Computational Graph

In SymJAX, calling an operation like a=T.ones((10,)) does not perform any acutal computation of the 10 dimensional vector. Instead, SymJAX creates a node that only knows about the shape, the type, the internal operation to apply, and the parents of the operation. In this case for example, a is an Op with internal function jax.numpy.ones, with shape being (10,) and dtype being float64 by default. The parents of this node are the function inputs, in this case the tuple (10,). As a result, when defining a computation graph, one simply creates multiple nodes that are interconnected, the whole forming an directed acyclic graph (DAG). Only when creating a compiled function with symjax.function or when performing a lazy evaluation with .get the graph will be traversed and possibly evaluated in the latter case. In both scenarios, one need to traverse the graph, we describe our procedure below.

Graph traversing

Graph traversing can be come in a straightforward manner in a recursive manner. One simply starts from a node given by the user, find the node parents and recurse this function until the found node can be given an expicit value (if it is a T.Variable, a T.Placeholder, or a T.Constant node).

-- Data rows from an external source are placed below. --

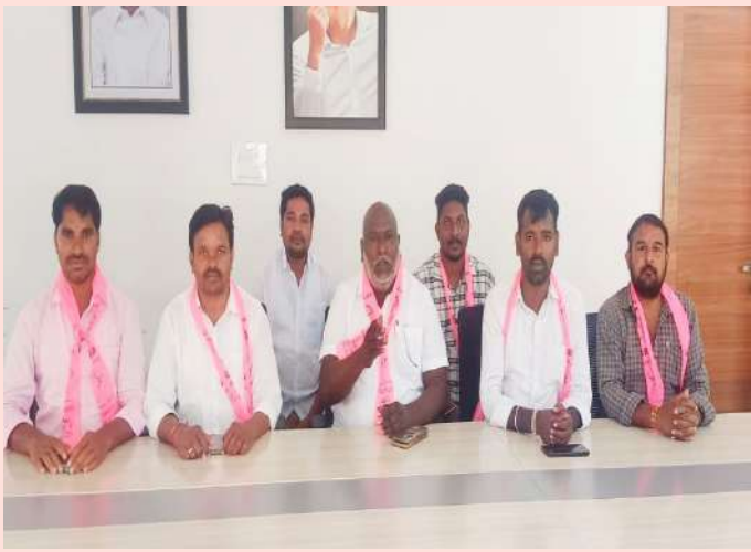
చిన్నకోడూర్, సెప్టెంబర్ 29 (ప్రజా జ్యోతి):
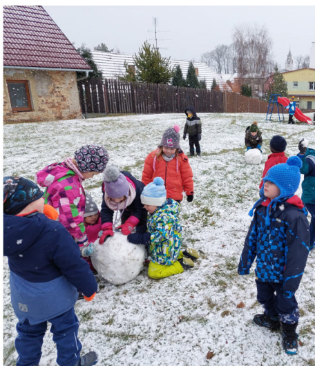
Krtečky staví sněhuláka na školní zahradě.
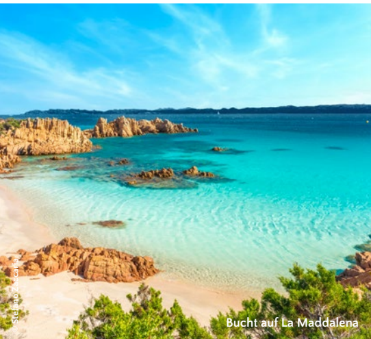
Bucht auf La Maddalena
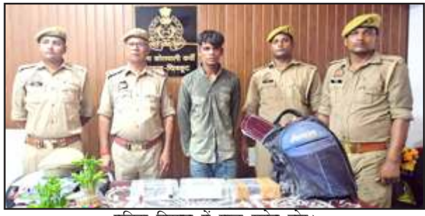
पुलिस गिरफ्त में माल समेत चोर।
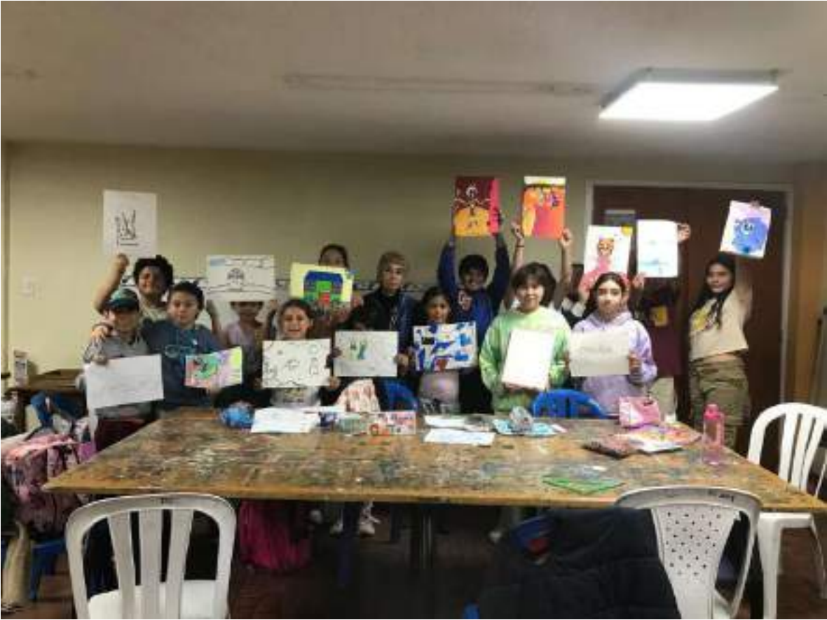
AGOSTO 24 DE 2024- INICIACION PLASTICA 2
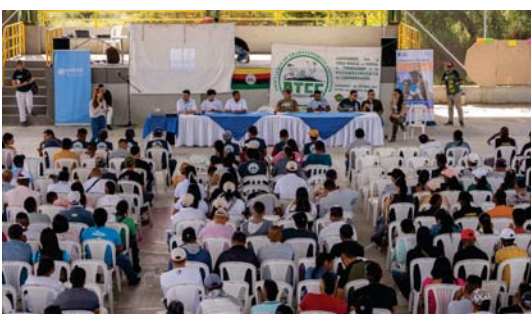
● جلسة حوار مفتوح بين الحكومة والمزارعين لمناقشة إنتاج المواد المخدرة

شأنه شأن الكثيرين من مزارعي كولومبيا، يقول مستند قانوني تقطعة الأرض التي يزرعها، ويضيف: "لقد ورتت الأرض من أبي، وبياتالي فهي ملك لي، لكن لا توجد أية ورقة يمكنكم أن تمنع أي فرد من التحرك وأخذها مني"
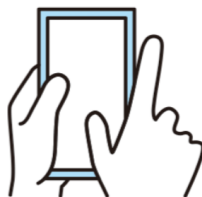
コンプライアンス研修
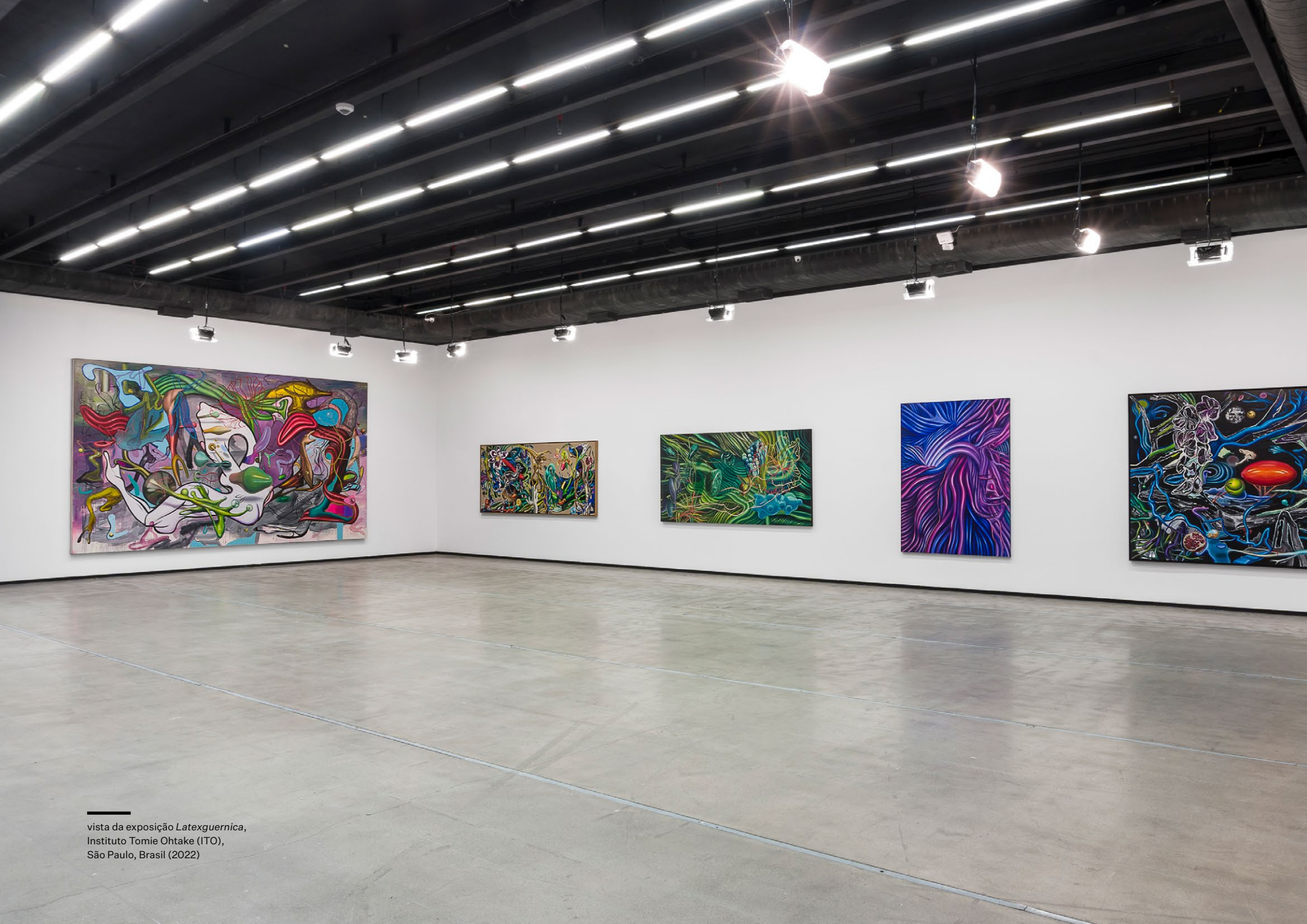
vista da exposição Latexguernica , Instituto Tomie Ohtake (ITO), São Paulo, Brasil (2022)
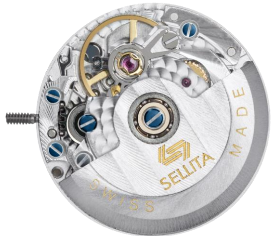
SW 100 D4. Mouvement automatique dame de 17,2 mm.

Quelques membres de la famille des calibres Sellita
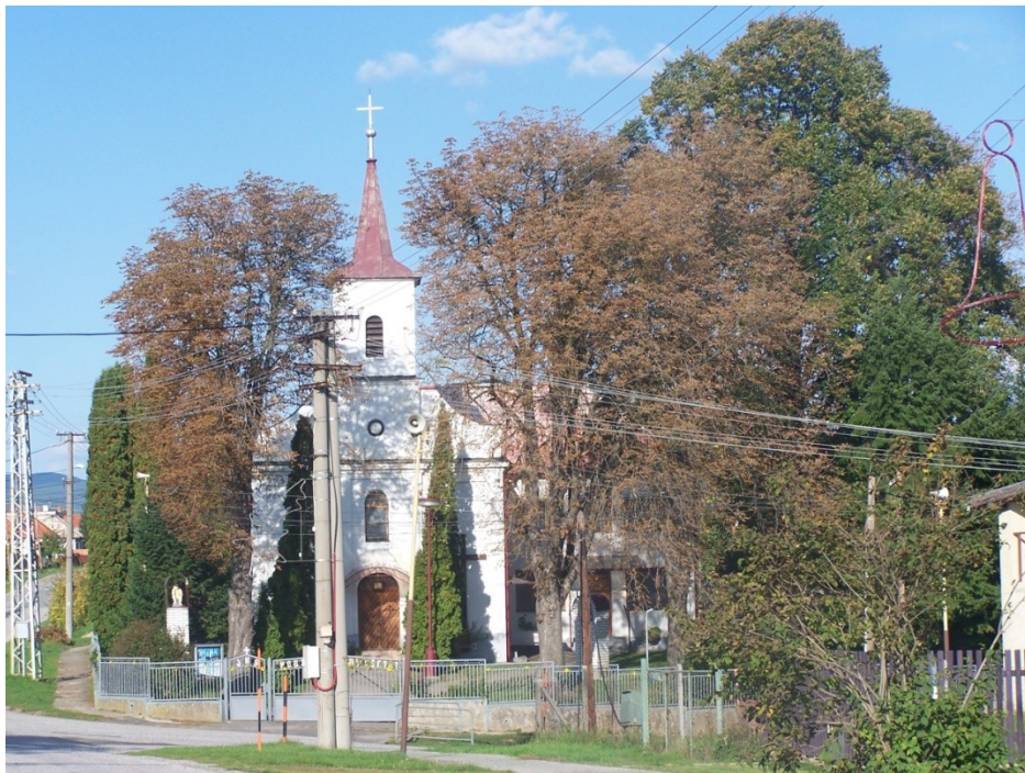
Kostol sv. Juraja vobci
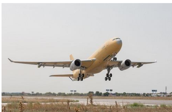
MRTT (Multi Role Tanker Transport) Phénix

Ces crédits permettront notamment de préparer l'accueil du sous-marin nucléaire d'attaque ( SNA) Barracuda , de l'avion de transport et de ravitaillement MRTT et du véhicule Scorpion .
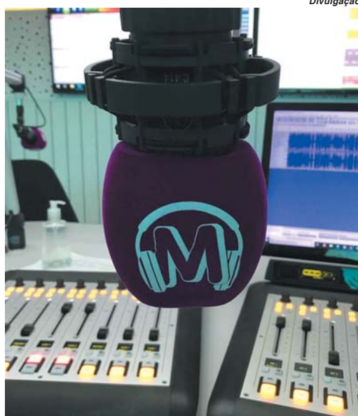
Massa FM é uma das redes de rádio que mais cresce no Brasil estará no dial em Paraíso

Conforme informações da assessoria de imprensa do Grupo Massa, divulgadas pelo site Tudoradio.com, a Rede Massa FM, liderada pela Massa FM 97.7 de Curitiba, começa 2019 com um projeto ambicioso. A proposta é de fechar o ano com 38 afiliadas pelo Brasil, incluindo algumas em capitais nesse pacote. A rede que iniciou o ano com dezenove afiliadas deverá chegar em breve a 25 associadas com o ingresso das novas rádios na rede.
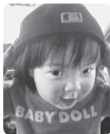
はな はな 巨 芭南ちゃん
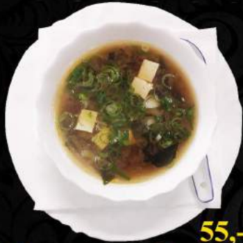
A1. Miso tofu ● 55,-

Tofu, sojová pasta, mořské řasy wakamen, jarní cibule, ředkev Tofu, soya paste, seaweed wakamen, spring onion, radish
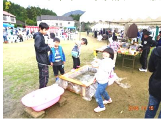
子どもたちに人気を呼んだメダカすくいコーナー
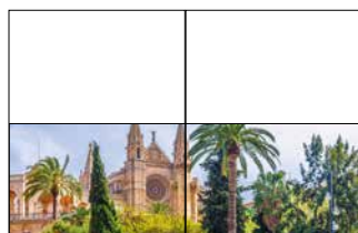
1/2 Doppelseite 420 x 135 mm
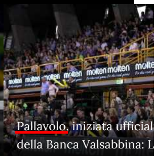
Pallavolo, iniziata ufficial della Banca Valsabbina: L campo per il primo
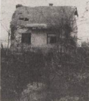
PODOBA PRELOKE - Razpadajoče domovanje nekdanjih preloških učiteljev
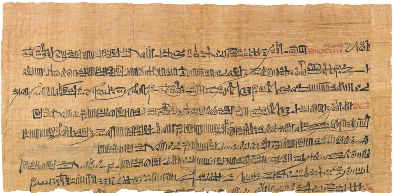
Col. 4 [H. 22,2 cm; l. 43,2 cm].

Peet, 1930; Capart & Gardiner, 1939; Raven, 1978–1979; Vernus, 1990, 11–74; Claus, 2016.
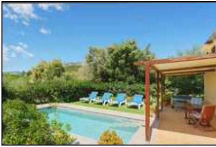
Finca mit Pool in Pollença
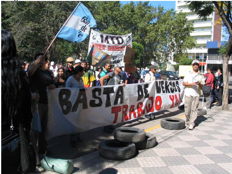
Plaza de Monte Grande – “Echeverría No Trabaja” 21 de octubre de 2010
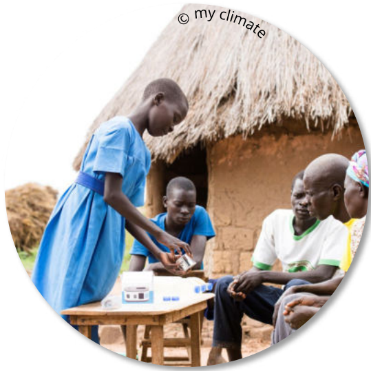
Unterstützung von Sozialprojekten mit 1 Euro pro nicht-getätigte Zimmerreinigung
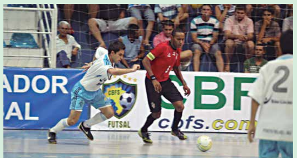
O futsal paraibano vive um bom momento com um Campeonato de Futsal dos mais disputados

Na chave do Litoral, o João Pessoa aplicou um 4x2 no COPM, em partida realizada na APCEF e fechando a 2ª rodada o EPCF Guarabira acabou em um empate com o Servicar, na cidade de Guarabira.
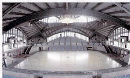
◎ 使いやすさを追求した展示場
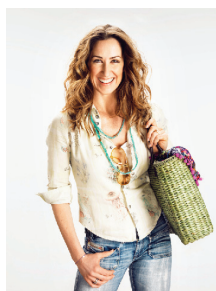
Foto1 Sommer in Minopolis

Fotonachweis © Minopolis, Abdruck honorarfrei!
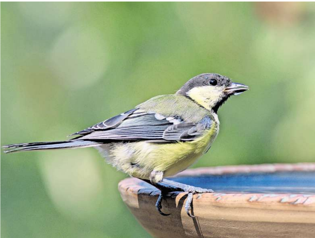
Vogeltränken sollten eine rauen Boden haben, damit die Tiere Halt finden.
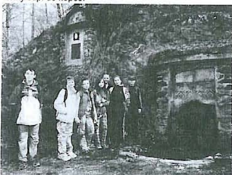
Tady jsou všichni dobyvatelé ještě s úsměvem pod kopcem.

This is done in a bottom to top fashion. From that case the explicit value can be passed to the children nodes jax function to evaluate each node in a top to bottom fashion.

Recursion has a few limitations. The main one being the recursion stack limit when allows to use such paradigm only on small graph to avoid memory issues. Performance is also often hindered in Python by recursion as opposed to a direct implementation due to the stack memory management (this may vary based on the case at hand). We thus opted for a non-recursive approach.